Mais um setembro. Mais um ano letivo que começa. As ruas ganham vida com mochilas às costas, os corredores das escolas enchem-se de passos apressados, de sorrisos tímidos e aquele nervosismo nos olhos de quem chega pela primeira vez. E nós, professores, voltamos também. Uns com o entusiasmo de quem quer fazer diferente, outros ainda a carregar o peso do cansaço do ano letivo passado. Mas voltamos todos, porque, afinal, a escola é um compromisso que se renova sempre.

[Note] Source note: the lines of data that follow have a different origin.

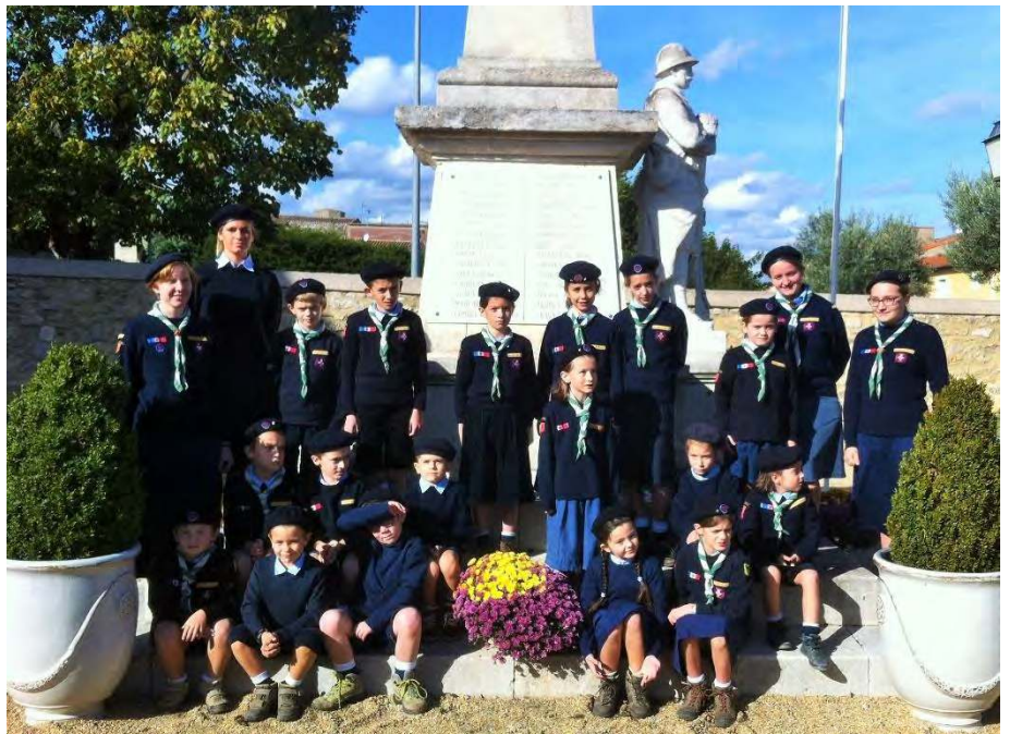
11 NOVEMBRE A FABREGUES : NOS LOUVETEAUX RENDENT HOMMAGE AUX MORTS POUR LA FRANCE ET PRIENT POUR EUX
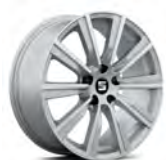
18 inch Cup Racer zilver (5FOCON498C 1BC)
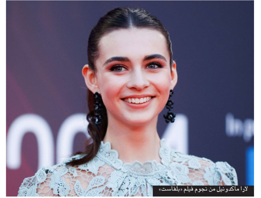
لارا ماكو نيل من نجوم فيلم «بلفاست»

وأضاف «هم شيء أن يشاهد الناس الفيلم ويعجبوا به... وأي شيء أكثر من ذلك فهو أمر جيد غير متوقع... وسيبدأ عرض فيلم «بلفاست» في دور السينما الأمريكية في 12 نوفمبر/ تشرين الثاني المقبل.
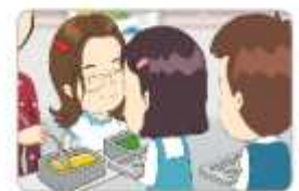
나눔과 배려, 공동체 의식 함양
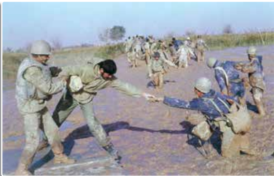
تصویر ۳-۳- رزمندگان میهن در منطقه عملیاتی والفجر ۸

موج عظیم مردمی در قالب «بسیج» برای دفاع از حقانیت اسلام و ایران به دفاع مقدس طعم غیرت و شرف دادند. سربازان ما در جبهه‌های نبرد حق علیه باطل به سرباز بودن خود می‌بالیدند. نیروهای مسلح شامل نیروی زمینی، هوایی، دریایی، ارتش جمهوری اسلامی ایران، سپاه پاسداران انقلاب اسلامی، نیروی انتظامی، هوانپروز و نیروهای جان بر کف جهاد سازندگی با انگیزه‌های الهی، شانه به شانه بسیج که پشتوانه مردمی و بازوی توانایشان بود، با وجود کمبود سلاح و مهمات و مشکلات اولیه، جانانه و قهرمانانه می‌جنگیدند. عشایر غیور ایران زمین و اقوام مختلف شامل آذری، لر، عرب، کرد، ترکمن، بلوچ و سایر قومیت‌ها و همچنین پیروان کلیه ادیان الهی در میهن ما متحد و منسجم تحت لوای پرچم مقدس جمهوری اسلامی و با هدایت و رهبری امام خمینی، سلحشوری و ایثارگری را معنا بخشیدند.
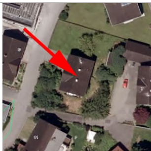
2015 Luftbild
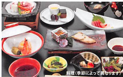
料理(季節によって異なります)

〒325-0301 栃木県那須郡那須町大字湯本206 TEL.0287-76-2559 FAX.0287-76-1947
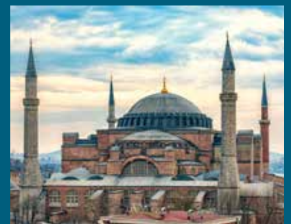
Aja Sofija u općini Fatih

Aja Sofija je bila najveća crkva u Bizantijskom carstvu, prijašnjem Istočnom Rimskom Carstvu i predstavljala je jedno od najvećih graditeljskih dostignuća tog vremena. Nakon osmanskog osvajanja 1453. godine crkva je pretvorena u džamiju, a izvana su izgrađena četiri minareta. Aja Sofija je 1935. godine pretvorena u muzej i dnevno je posjete hiljade ljudi.
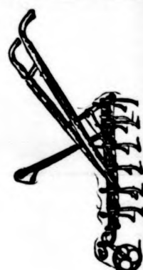
Újabb gép- és aratógép-rajzok a McCormick gyártmányokból.
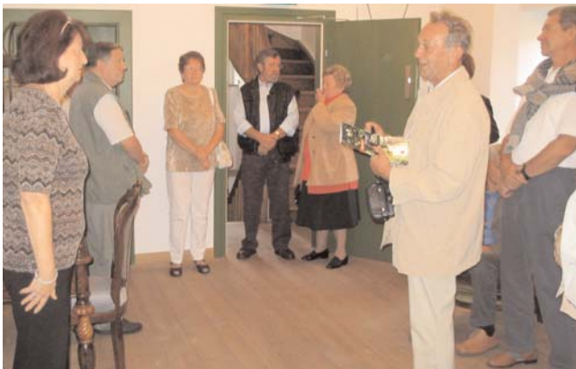
Begrüßungsritual durch die beiden Vorsitzenden der Museumsvereine.
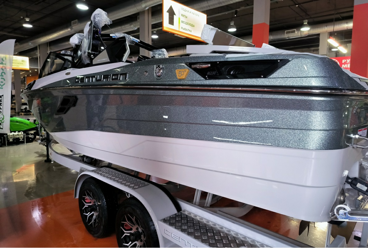
В наличии В наличии Centurion Ri230 2026
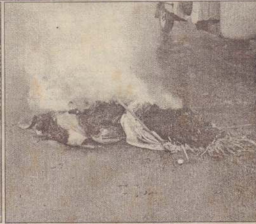
யாழ்.நகரப் பகுதியில் நேற்று ஜனாதிபதி மஹிந்த ராஜபக்ஷவின் கொடும்பாலி எரிக்கப்பட்டது. மாணவர்கள் கொடும்பாலியை பிரேத ஊர்வலம் போன்று எடுத்து வந்து மழைக்கு மத்தியில் வீதியில் தீக்கிரையாக்கினர். அப்போது எடுக்கப்பட்ட படங்கள்.
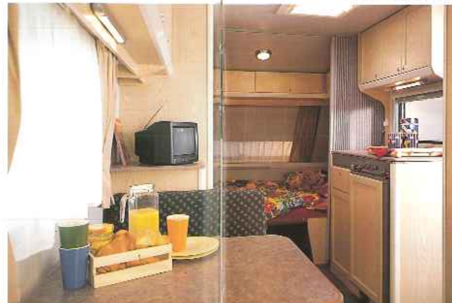
Interieur Typ KS 44 TTZ
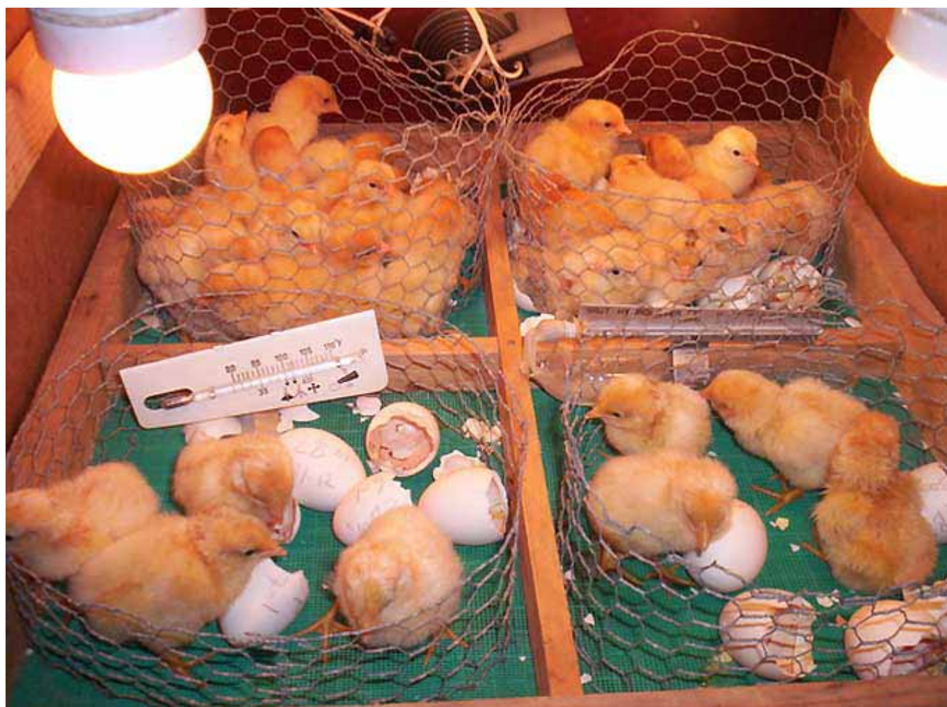
Boven: Kuikens F4 uit diverse ouderparen.

Helaas is het niet mogelijk om eieren of dieren te exporteren en te importeren. Danne en een paar andere fokkers waren zeer geïnteresseerd om met mijn dieren te kunnen fokken. Toen zij erachter kwamen dat ik in Nederland woon en het dus bijna onmogelijk is om materiaal de oceaan over te sturen, is dat een droom geworden.
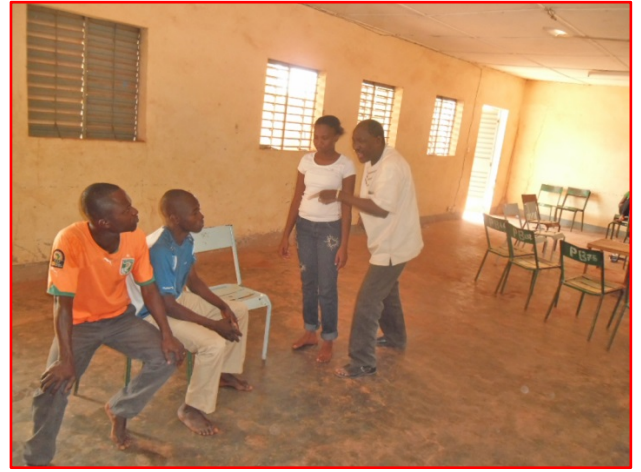
Stage de théâtre.
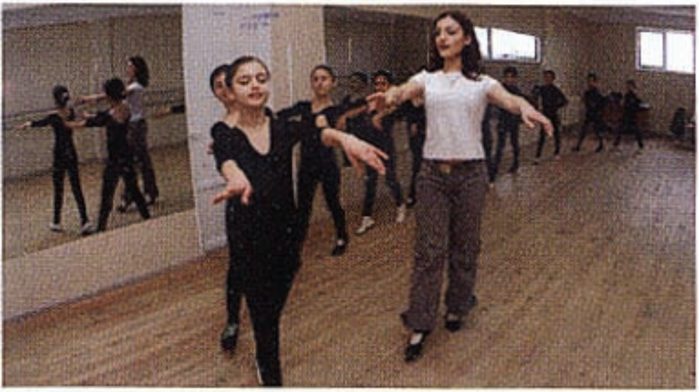
ՀԲԸՄի Հայորդաց Կեդրոններէն մէկուն մէջ աշակերտները իրենց պարուսոյցին հետ:

երաժշտութիւն, պարարուեստ ձեռառուեստ ու մարզանք: Երեք կեդրոններուն մէջ ալ մատուցուել կան, ուր ամէն շաբաթ եկեղեցական արարողութիւններ կը մատուցուին եւ Աստուածաշունչի ընթերցումներ կը կատարուին:
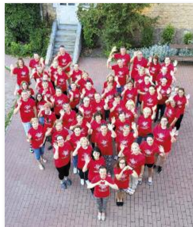
Mozgás, aktivitás, jókedv a Kihívás Napján már 2013 óta

Május utolsó szerdáját idén is a kihívásoknak szenteltük. A 28-a éjfél a gimnázium udvarában várták a résztvevők és közös futással, sétálással nyitották a rendezvényt. A nap folyamán minden korosztály megmozdult. A babakocsisok anyukájuk segítségével utaztak, a bölcsisiek már tornával indították a napot, az óvodások sétával színesítették a délelőttöt és még haltelepítésen is részt vettek. Az általános iskolások minden szünetben testnevelés negyedórát tartottak. Az idősebbek meridián tornával, örömtáncokkal színesítették a napjukat. Az Apart-
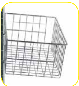
K617429 Cestello grande in filo di acciaio cromato. Dim. 390x250x155 h mm.
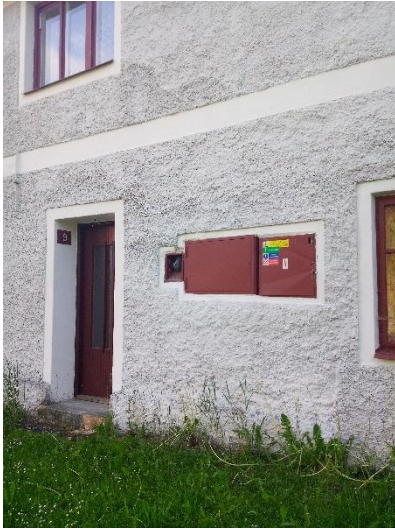
Obrázek: Celkový pohled
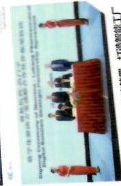
西门子战略合作协议签署 打造智能工厂
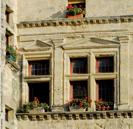
Dos ventanas renacentistas en el tercer piso de la fachada sur del palacete André, Plan Saint-Etienne.
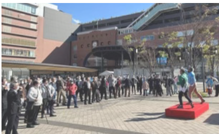
選挙戦 駅前でフィナーレ集会

Setembro leva-me, inevitavelmente, in illo tempore, à minha primeira escola. Faz agora cinquenta e três anos que entrei pela porta da única sala de aula da escola primária de Alvite, Cabeceiras de Basto. Lembro-me bem! Ia descalço e de lousa na mão, olhos tímidos e um nó no estômago que nem sabia explicar. A sala, com chão de terra batida, parecia-me enorme onde se juntavam crianças como eu, da primeira à quarta classe. A professora, com a experiência de quem já vira muitos setembros passar, recebeu-nos com firmeza e uma autoridade serena que jamais esqueci. Recordo as carteiras a ranger, o quadro negro com restos de giz branco, o som do ponteiro a bater na secretária, a voz pausada da professora e o respeito quase sagrado que aquele espaço nos impunha. Foi ali, naquele ambiente simples, mas cheio de promessas, que me dei conta de que aprender podia, de facto, mudar tudo. Hoje, como professor, essa memória acompanha-me como norte e também com saudade.
Muita coisa mudou, entretanto, na escola: tecnologias, plataformas digitais, relatórios, avaliações e reuniões que não param, mas há algo que permanece intacto no coração da escola: ela continua a ser um lugar de encontros de pessoas, de ideias, de desafios e de afetos. A escola mantém-se um espaço onde se vai muito para além dos manuais, onde se aprende a estar, a ouvir, a crescer com os outros. É por isso que continuamos a gostar da escola!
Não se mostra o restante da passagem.